BEGIN

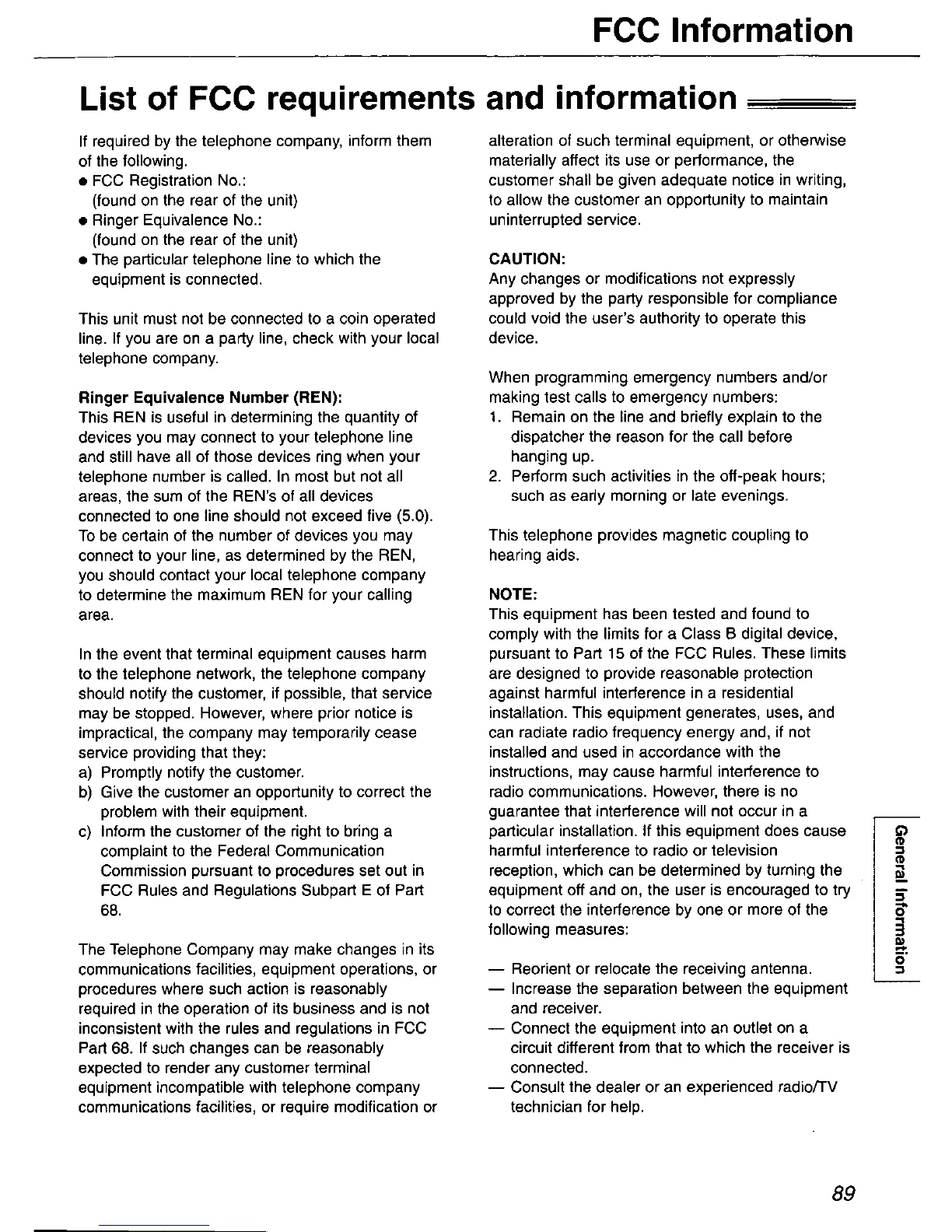 Panasonic KX-FP101 - FCC Information; List of FCC Requirements and Information
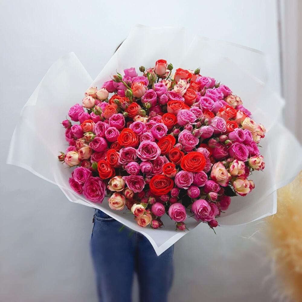 Кустовая роза – 27 шт. Матовая пленка – 1 шт.
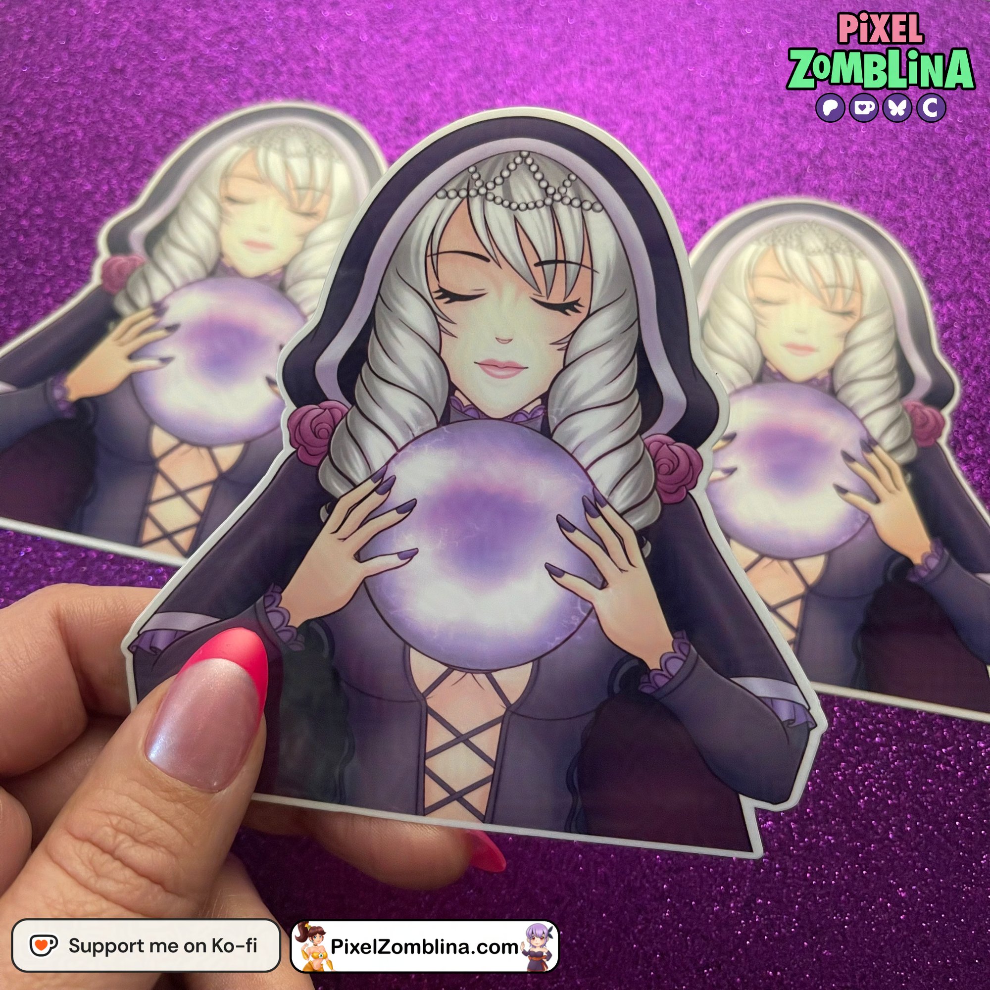 A glossy sticker of Viola from Soul Calibur 5!! She is 4 inches tall and has a laminate to protect the sticker.
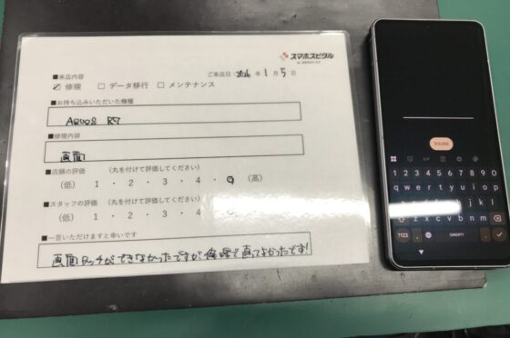 【お客様の声】豊中市よりお越しのお客様AQUOS R7画面交換修理をさせていただきました。
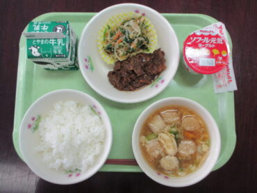 今日の給食は、たかおか食19丼献立でした。メニューは、高岡元気ビビンバ丼、牛乳、かきたま汁、ヨーグルトでした。まずは、ピリ辛に味付けされた肉をご飯にのせて味わい、次に肉にナムルも加えてビビンバ丼として味わい、美味しくいただきました。子供たちも大満足でした。
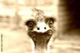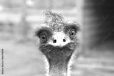 Ostrich head with large eyes close-up
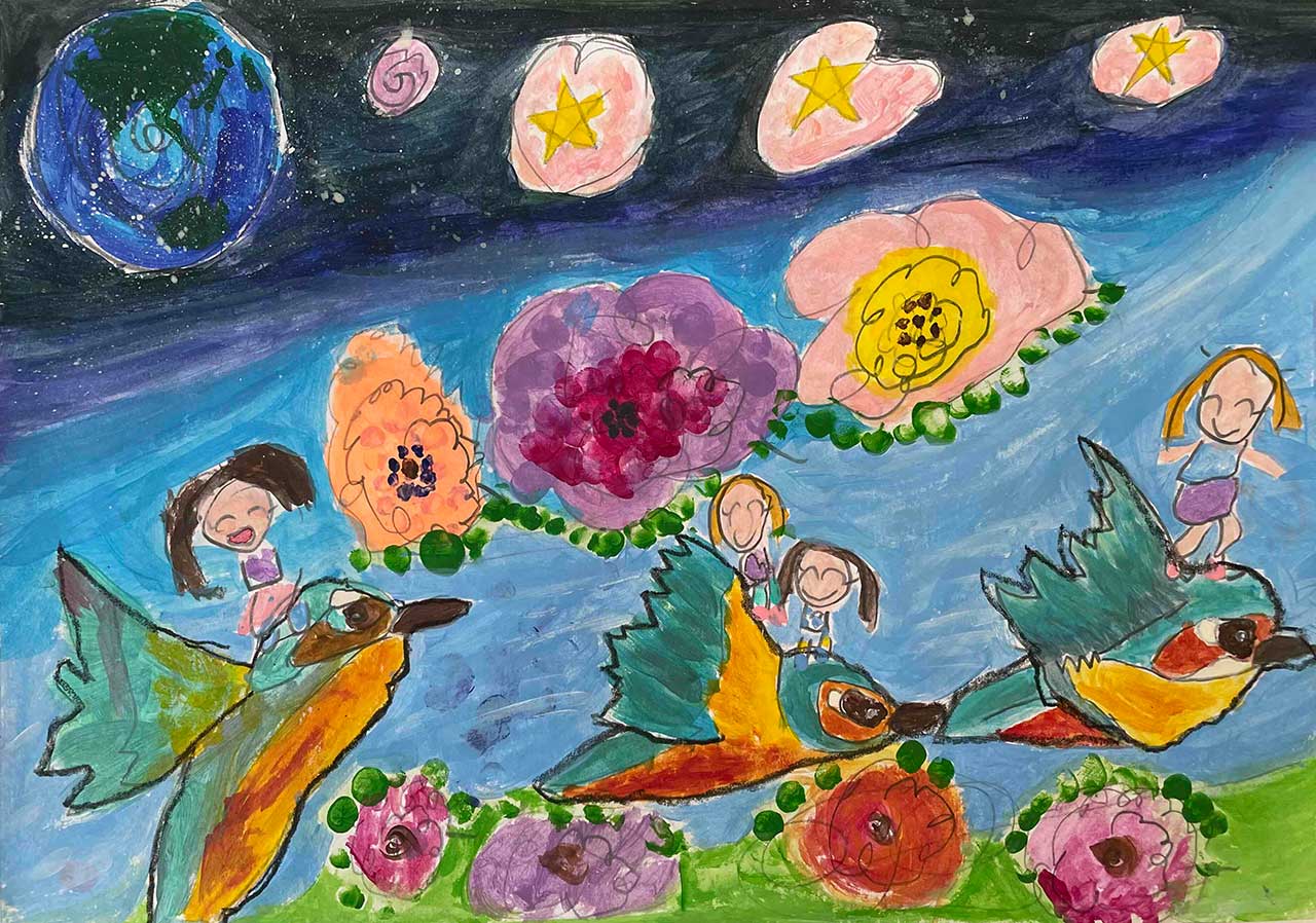 わたしのすむ街には、川沿いに時々カワセミを見ることができます。カワセミはきれいな川にしかこないとききました。わたしはお花が大好きなので、お花をたくさん咲かせてみんながニコニコと笑いながら、カワセミが沢山あつまる街になるといいなと思いました。宇宙からながめても、わたしたちが住む地球がずっと青くきれいに見えるようにと思って、地球もかきました。
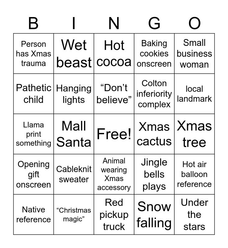This bingo card has a free space and 26 words: Animal wearing Xmas accessory, Snow falling, “Don’t believe”, “Christmas magic”, Small business woman, Person has Xmas trauma, Pathetic child, Wet beast, Xmas tree, Jingle bells plays, Colton inferiority complex, Llama print something, Hot air balloon reference, Native reference, Mall Santa, Rudolph joke, Baking cookies onscreen, Opening gift onscreen, Hot cocoa, Under the stars, local landmark, Red pickup truck, Xmas cactus, Cableknit sweater, Hanging lights and Angels.
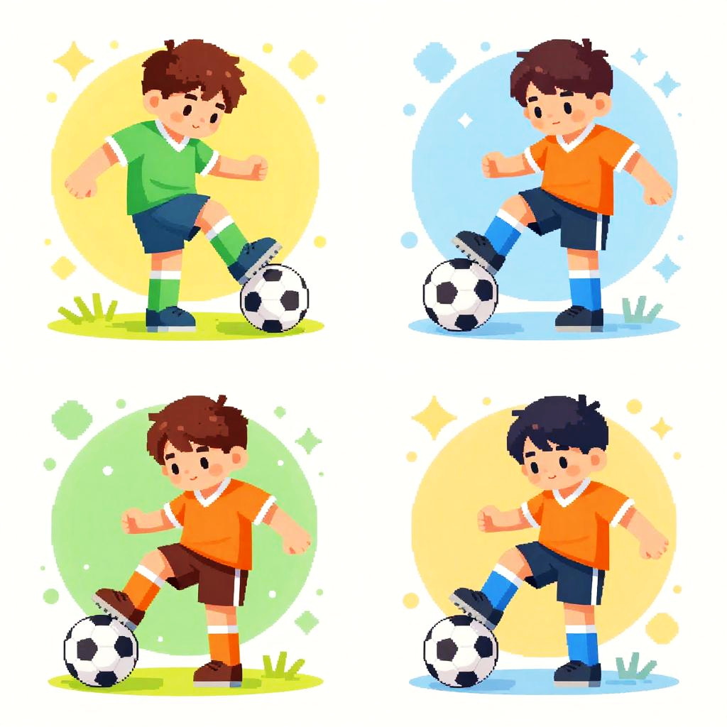 This digital illustration features a cartoon-style depiction of a young boy playing soccer in four different poses, one in each quadrant. The boy has brown hair, a fair complexion, and is shown in a colorful, simplified art style with bold outlines and bright colors. He wears an orange soccer jersey with white trim, dark blue shorts, orange socks, and black soccer cleats. In the top left, he's in a green background, kicking a black-and-white soccer ball with his right foot. In the top right, he's in a blue background, preparing to kick the ball with his left foot. The bottom left and bottom right quadrants mirror the top poses but with different backgrounds—green and yellow, respectively. The grassy patches under his feet add a touch of realism. The overall style is playful and vibrant, with a focus on movement and action.

END

* _What to do_
Please print the entries above exactly. Skip every picture.

* _Solved exercise_
 Panasonic KX-FP101 - FCC Information; List of FCC Requirements and Information
 Кустовая роза – 27 шт. Матовая пленка – 1 шт.
 A glossy sticker of Viola from Soul Calibur 5!! She is 4 inches tall and has a laminate to protect the sticker.
 【お客様の声】豊中市よりお越しのお客様AQUOS R7画面交換修理をさせていただきました。
 今日の給食は、たかおか食19丼献立でした。メニューは、高岡元気ビビンバ丼、牛乳、かきたま汁、ヨーグルトでした。まずは、ピリ辛に味付けされた肉をご飯にのせて味わい、次に肉にナムルも加えてビビンバ丼として味わい、美味しくいただきました。子供たちも大満足でした。
 Ostrich head with large eyes close-up
 わたしのすむ街には、川沿いに時々カワセミを見ることができます。カワセミはきれいな川にしかこないとききました。わたしはお花が大好きなので、お花をたくさん咲かせてみんながニコニコと笑いながら、カワセミが沢山あつまる街になるといいなと思いました。宇宙からながめても、わたしたちが住む地球がずっと青くきれいに見えるようにと思って、地球もかきました。
This bingo card has a free space and 26 words: Animal wearing Xmas accessory, Snow falling, “Don’t believe”, “Christmas magic”, Small business woman, Person has Xmas trauma, Pathetic child, Wet beast, Xmas tree, Jingle bells plays, Colton inferiority complex, Llama print something, Hot air balloon reference, Native reference, Mall Santa, Rudolph joke, Baking cookies onscreen, Opening gift onscreen, Hot cocoa, Under the stars, local landmark, Red pickup truck, Xmas cactus, Cableknit sweater, Hanging lights and Angels.
 This digital illustration features a cartoon-style depiction of a young boy playing soccer in four different poses, one in each quadrant. The boy has brown hair, a fair complexion, and is shown in a colorful, simplified art style with bold outlines and bright colors. He wears an orange soccer jersey with white trim, dark blue shorts, orange socks, and black soccer cleats. In the top left, he's in a green background, kicking a black-and-white soccer ball with his right foot. In the top right, he's in a blue background, preparing to kick the ball with his left foot. The bottom left and bottom right quadrants mirror the top poses but with different backgrounds—green and yellow, respectively. The grassy patches under his feet add a touch of realism. The overall style is playful and vibrant, with a focus on movement and action.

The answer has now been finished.